An dieser Stelle stellt sich die Frage, welches wohl die Motivlage für die Gründung des Ethikrates war, und ob sie gar als eine Reaktion auf staatliches Steuerungsversagen, welches sich auch in einem staatlichen Legitimationsdefizit ausdrücken kann, erfolgte. (vgl. Maintz 1997; S. 186) Diese Frage kann nicht mit letztendlicher Sicherheit beantwortet werden. Letztendlich verfügt die Regierung über ausreichend Kompetenzen und Machtmittel, um ihren Standpunkt zu ethischen Grenzfragen bei der Gesetzgebung durchzusetzen, und das Thema Ethik scheint in der deutschen Öffentlichkeit aktuell nicht übermäßig brisant. Trotzdem könnte die Gründung des Ethikrates ein Versuch sein, einem sich bereits absehbaren Steuerungsproblem zu begegnen.

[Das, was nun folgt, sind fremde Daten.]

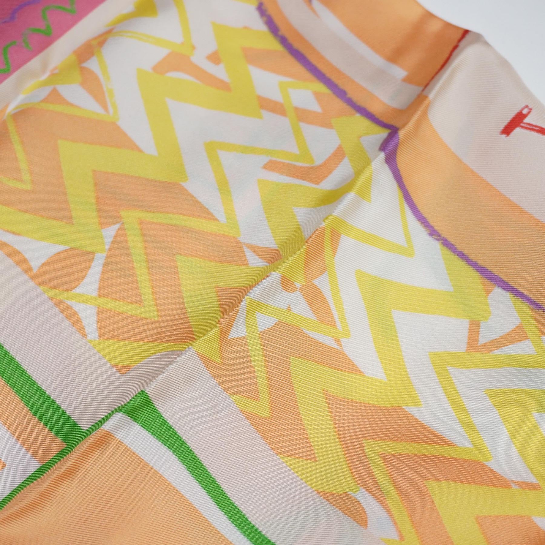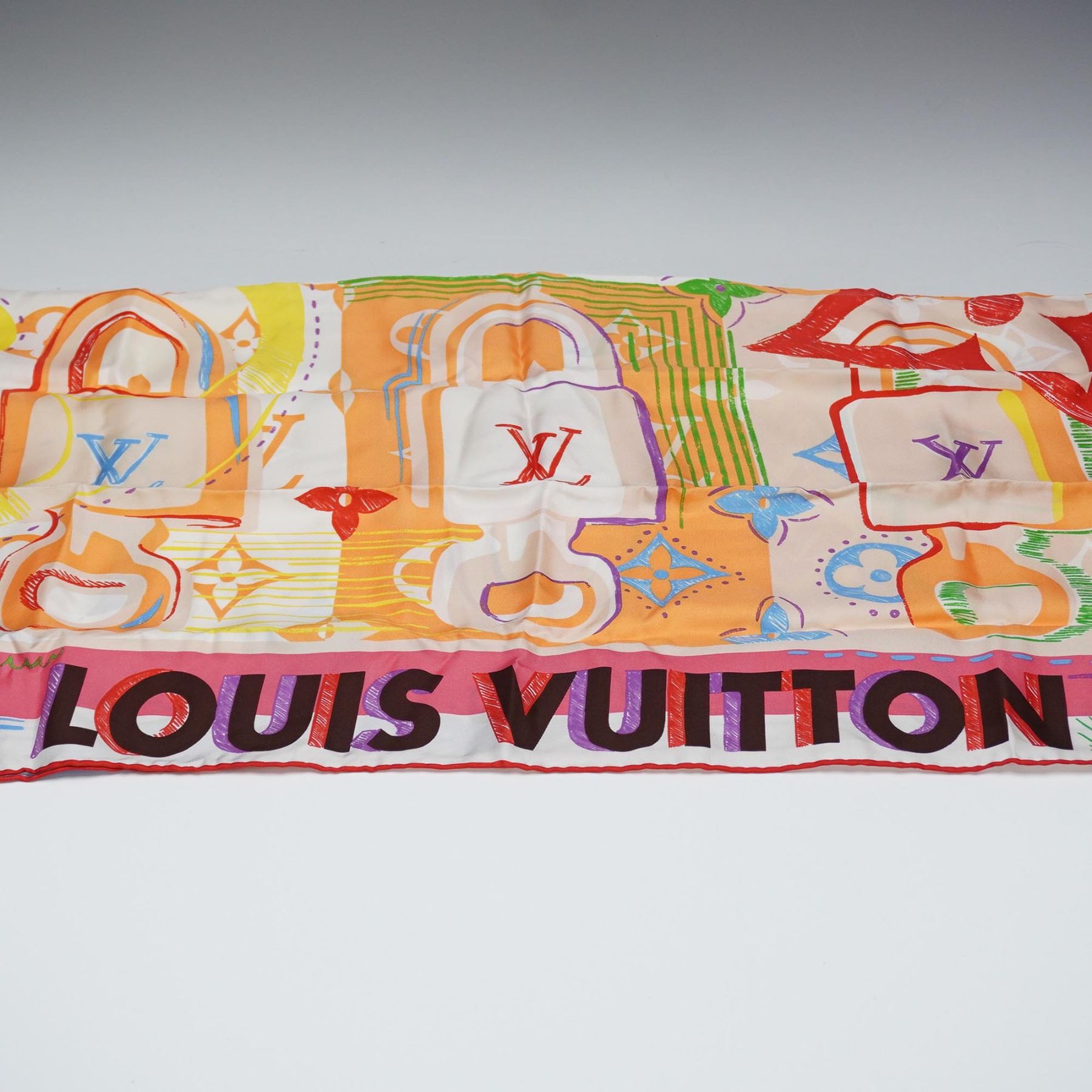 Vibrant Louis Vuitton scarf featuring a playful multicolor design of monogram emblems and stylized handbag illustrations on a silky smooth textile. The scarf is boldly bordered with the Louis Vuitton name and finished with a bright red rolled hem. Made in Italy, this piece captures the brand's artistic approach to accessories with both elegance and whimsy. A stylish collector's item or accent to elevate any outfit. Measures approximately 33"L when fully extended.
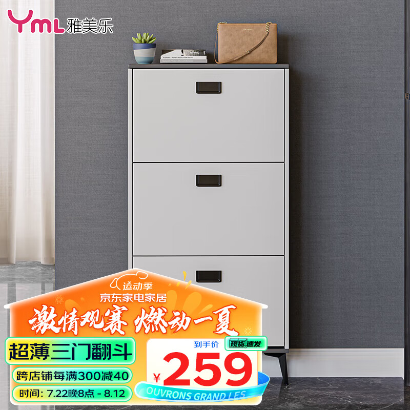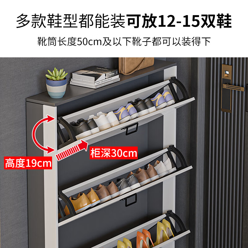 雅美乐鞋柜家用门口 三门简约超薄翻斗玄关走廊入户门厅放鞋柜价格:339.00元!
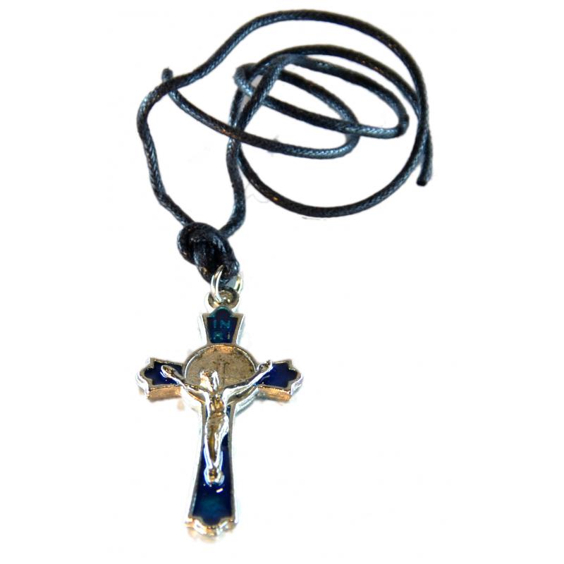 Cruz San Benito Esmaltada Azul 5 cm (con cordon)
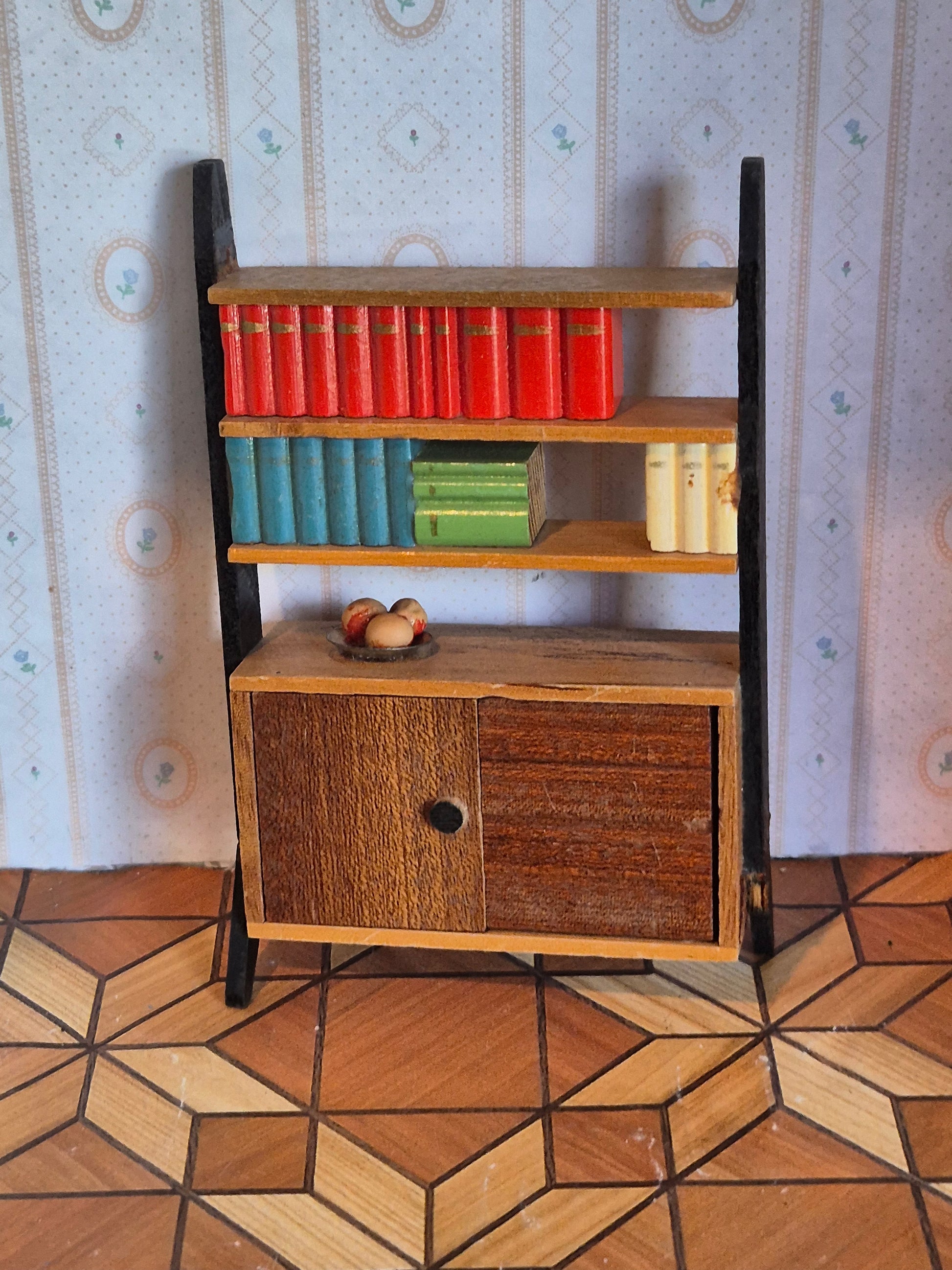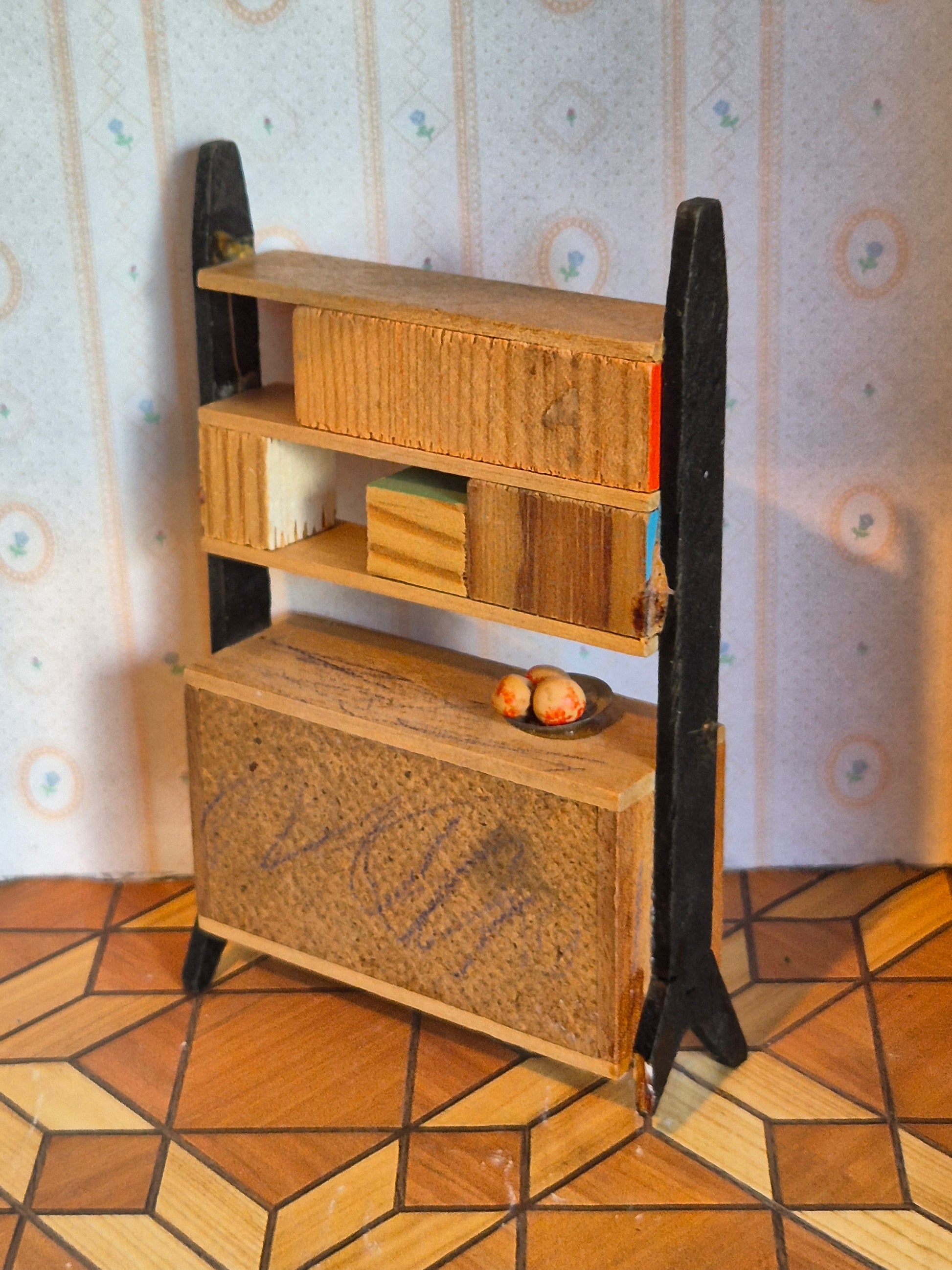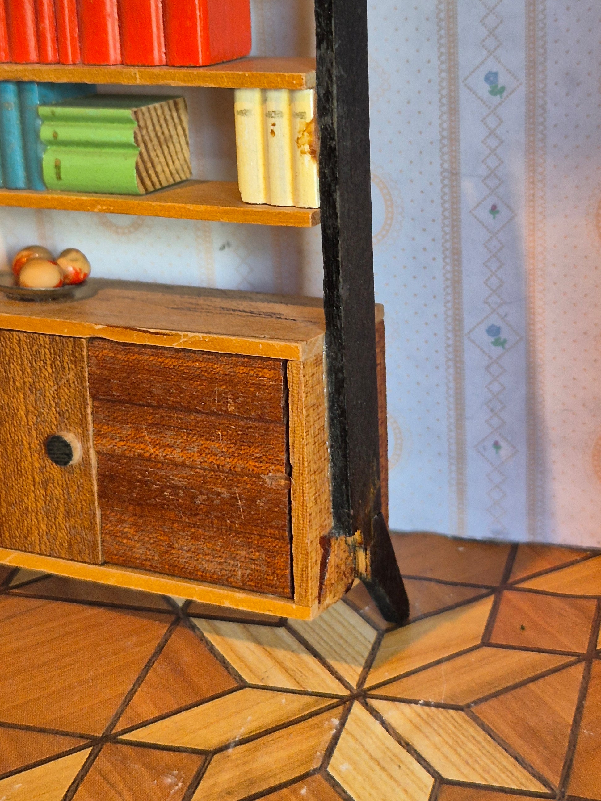 Lundby ældre reol med sorte sider. Den er af træ. Den ene fod er knækket.

Aus diesem Blickwinkel könnte der Ethikrat in gewisser Weise, wenn schon nicht als direktes Steuerungsinstrument, so doch als ein der gesellschaftlichen Orientierung dienendes, richtungsweisendes Gremium, gesehen werden. Dies nicht zu dem Zwecke, um Steuerungskompetenzen abzugeben oder auszulagern, sondern eher, um das aufkeimende Legitimationsdefizit, das sich insbesondere bei der Behandlung von überaus polar beurteilten Fragen ergibt, abzufedern. Durch die Einrichtung des Ethikrates soll letztendlich eine Autorität in Sachen ethischer Fragen geschaffen werden, die fähig ist, sich konträr gegenüberstehende Parteien zur Akzeptanz einer einheitlichen Position zu bringen.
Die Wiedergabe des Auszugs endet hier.